My covenant will I not break."-Psalmist.

No people, whose annals have ever had a record in the history of the world, afford so many anomalous peculiarities as the Jews. Their history is a wonderful record of almighty providences. Descending from a single man, a venerable patriarch, and friend of God, they were multiplied like the stars of heaven, and the sands on the seashore; and from a national infancy, spent in bondage, they were led by the hand of a parental Providence through every vicissitude of national elevation and depression. At one time, guided by the Almighty in a symbolic cloud and burning pillar, they triumph over their foes, and spread the fear of their name among the nations; at another, they mourn in captivity, and hang their harps on the willows of a strange land. Once their holy city rises in splendor, with its glorious temple dignified by the attendance of monarchs, and sanctified by the services of inspired prophets and priests; and now, the ploughshare is driven through its foundations, their whole national organization broken up, their population, like the stars of heaven scattered over the fir

mament, dispersed to the boundaries of the world.

And yet this singular and inscrutable course of events, in the national history of the Jews, was described beforehand, in prophecy, with almost the same minuteness with which time itself has developed it.

By Moses it was written, "The Lord shall scatter thee among all people, from the one end of the earth even to the other; and among these nations shalt thou find no ease, neither shall the sole of thy foot rest; and thou shalt become an astonishment, a proverb, and a by-word, among all nations whither the Lord shall lead thee; and thou shalt be only oppressed and crushed alway." But yet, with all these afflictions, the Jews were to be preserved. "Yet, for all that, when they be in the land of their enemies I will not cast them away, neither will I abhor them to destroy them utterly." "I will make a full end of all the nations whither I have driven thee, but I will not make a full end of thee."

What a literal history, written three thousand years before the events, was this of the present condition of the Jews!

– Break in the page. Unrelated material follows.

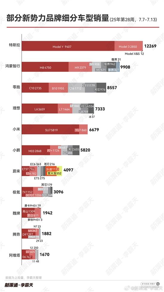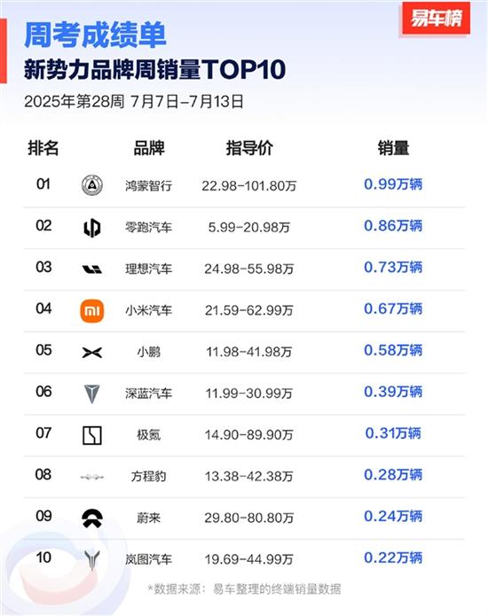 在2025年第28周,新势力品牌销量榜出炉,其中鸿蒙智行以0.99万辆的销量位列第一。

1. They were to be "scattered among all people, from one end of the earth to the other."

2. They were to find no ease nor rest to the sole of their feet.

3. They were to be persecuted with reproach: "an astonishment, and a proverb, and a by-word."

4. But not cut off: "I will not cast them away, neither will I abhor them to destroy them utterly." This prophecy, in all these respects, is now in actual exemplification on the face of the whole world.

Here we have a living and everywhere existing monument of the truth of prophecy-a perpetuated miracle, the laws of nature suspended, and the analogy of things interrupted.

While all the other nations of the ancient world have lost their national identity, and either faded from the earth or been merged in new combinations, the history of this singular people presents us with the anomaly, as observed by an able writer, not merely of a river, which, after rising from its small mountain spring, continues to flow through the ocean of waters without mingling with the general mass, but the more striking prodigy of one whose waters have become dispersed through the whole extent, and, by the vicissitudes of the tides, carried to every tributary stream, and yet each drop retaining its distinctiveness from the mass, and prepared at any time to be collected together. What, but a most

special Providence, has enabled this singular race to resist all the social affinities that mix and connect men in society; and, with a dispersion coextensive with the earth, under all climes, in all latitudes, in all longitudes, among all nations and kindreds, and tongues and people, maintain their national character without a national organization? Bowed down with afflictions, oppressed by the legal institutions of almost every country under heaven, and where the civil constitution of society does not grind them down, yet failing to remove the doom of Heaven, the instinctive repugnance of mankind humbles them to the ignominy of an inferior and despicable caste; rejected of God, outcast of men, it seems as if the stars of heaven fought against them in their courses. The sun, in his career, has been hailed in every clime by their cry of lamentation and wo, as if the hand of divine judgment held then up to the gaze and scorn of the revolving world, and yet made them immortal in dissolution itself.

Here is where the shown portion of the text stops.